Department of Radiology, University of Ulsan College of Medicine, Asan Medical Center, Seoul, Korea.
AJNR Am J Neuroradiol. 2012 Jan;33(1):124-7. doi: 10.3174/ajnr.A2732. Epub 2011 Dec 8.
The US features of benign and malignant nodules overlap, and benign thyroid lesions can mimic thyroid malignancy on US. Benign cystic nodules after spontaneous collapse or needle aspiration, can mimic malignant thyroid nodules. Our aim was to evaluate the US features of CBCNs of the thyroid that distinguish such nodules from malignant thyroid nodules.
US and clinical findings in 13 patients, each with a single CBCN, were evaluated to determine if they showed >50% cystic content on initial US or CT and >30% decrease in maximum diameter on follow-up US. We compared these findings with those of 26 patients, each with a single surgically confirmed PTMC. US scans were analyzed for internal content, shape, margin, echogenicity, presence of echogenic dots suggesting micro- and macrocalcification, inner isoechoic rim, and low-echoic halo.
Six of the 13 (46%) CBCNs were classified as malignant on US due to their marked hypoechogenicity, microcalcification, or spiculated margins. US features that differed between CBCNs and PTMCs were shape (ovoid-to-round versus taller-than-wide, P = .016); margins (ill-defined versus spiculated, P < .000); low-echoic halo (P < .000); inner isoechoic rim (P < .000) with high negative predictive values (100%, 91%, 91%, and 89%, respectively); and clinically acceptable diagnostic accuracy (59%, 80%, 82%, and 85%, respectively).
US features helpful for differential diagnosis of CBCNs from PTMCs include shape, margin, and the presence of an inner isoechoic rim and a low-echoic halo. Familiarity with US features suggesting CBCNs may be helpful in reducing unnecessary repeated FNABs.
美国良性和恶性结节的特征重叠,良性甲状腺病变在超声上可模拟甲状腺恶性肿瘤。自发性塌陷或针吸后的良性囊性结节,可模拟恶性甲状腺结节。我们的目的是评估甲状腺囊性变结节(CBCNs)的超声特征,以将其与恶性甲状腺结节区分开来。

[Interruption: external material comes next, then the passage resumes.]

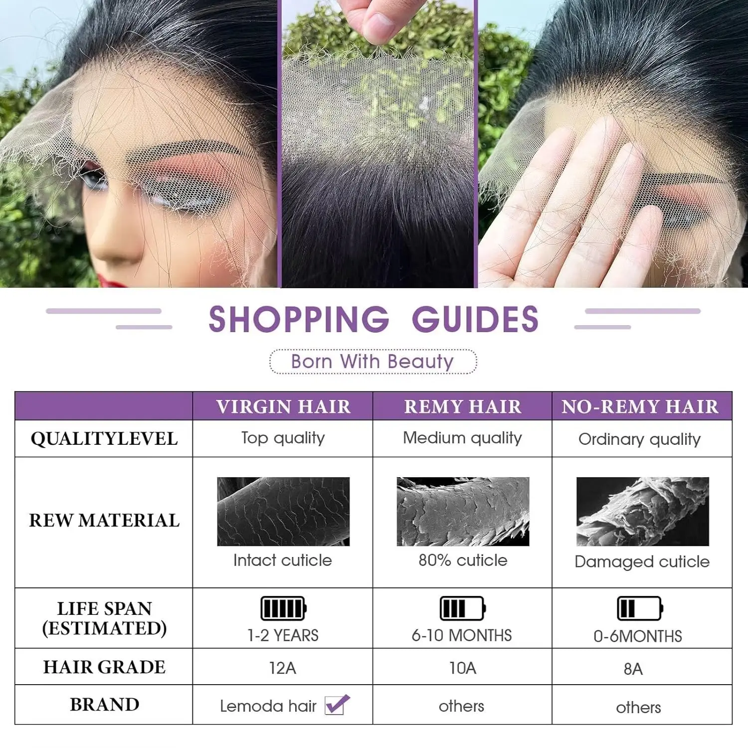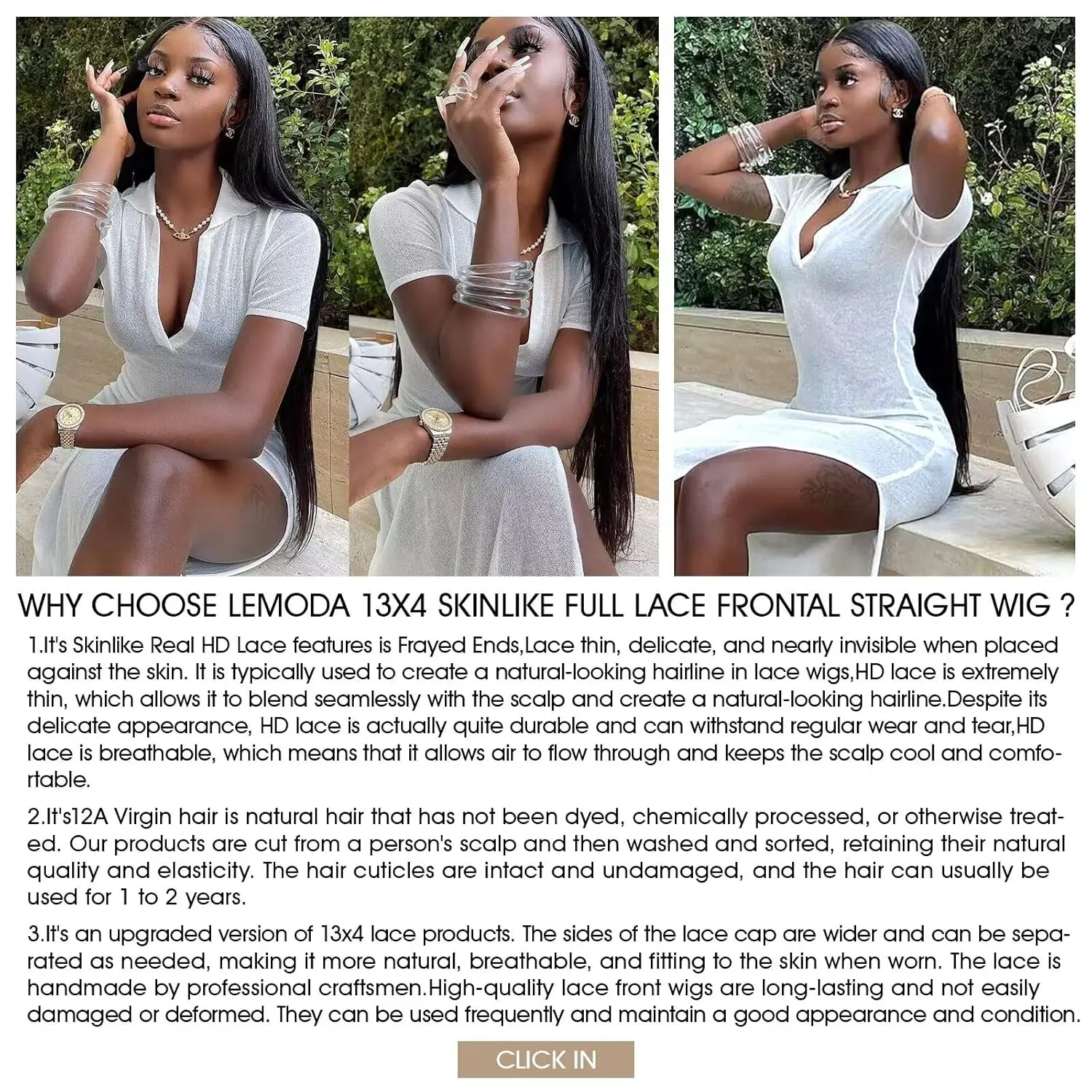 Lmoeda Full 13x4 Skinlike Real HD Lace Frontal Wigs 210% Density 12A Brazilian Straight Virgin Human Hair Lace Frontal Wigs Ultra-thin Frayed Ends

评估了 13 例患者(每位患者均有 1 个 CBCN)的超声和临床资料,以确定其在初始超声或 CT 上是否显示 >50%的囊性成分,以及在后续超声上最大直径是否减少 >30%。我们将这些发现与 26 例患者(每位患者均有 1 个经手术证实的甲状腺微小乳头状癌(PTMC))进行比较。分析超声扫描的内部内容物、形状、边界、回声、提示微钙化和大钙化的点状回声、内部等回声边缘和低回声晕环。
由于显著的低回声、微钙化或锯齿状边缘,13 例中的 6 例(46%)CBCN 在超声上被归类为恶性。CBCN 与 PTMC 之间的超声特征差异有:形状(卵圆形至圆形与高宽比大于 1,P =.016);边界(不清楚与锯齿状,P <.000);低回声晕环(P <.000);内部等回声边缘(P <.000),其阴性预测值均很高(分别为 100%、91%、91%和 89%);诊断准确性也较高(分别为 59%、80%、82%和 85%)。
有助于从 PTMC 中鉴别诊断 CBCNs 的超声特征包括形状、边界以及内部等回声边缘和低回声晕环的存在。熟悉提示 CBCNs 的超声特征可能有助于减少不必要的重复细针抽吸活检。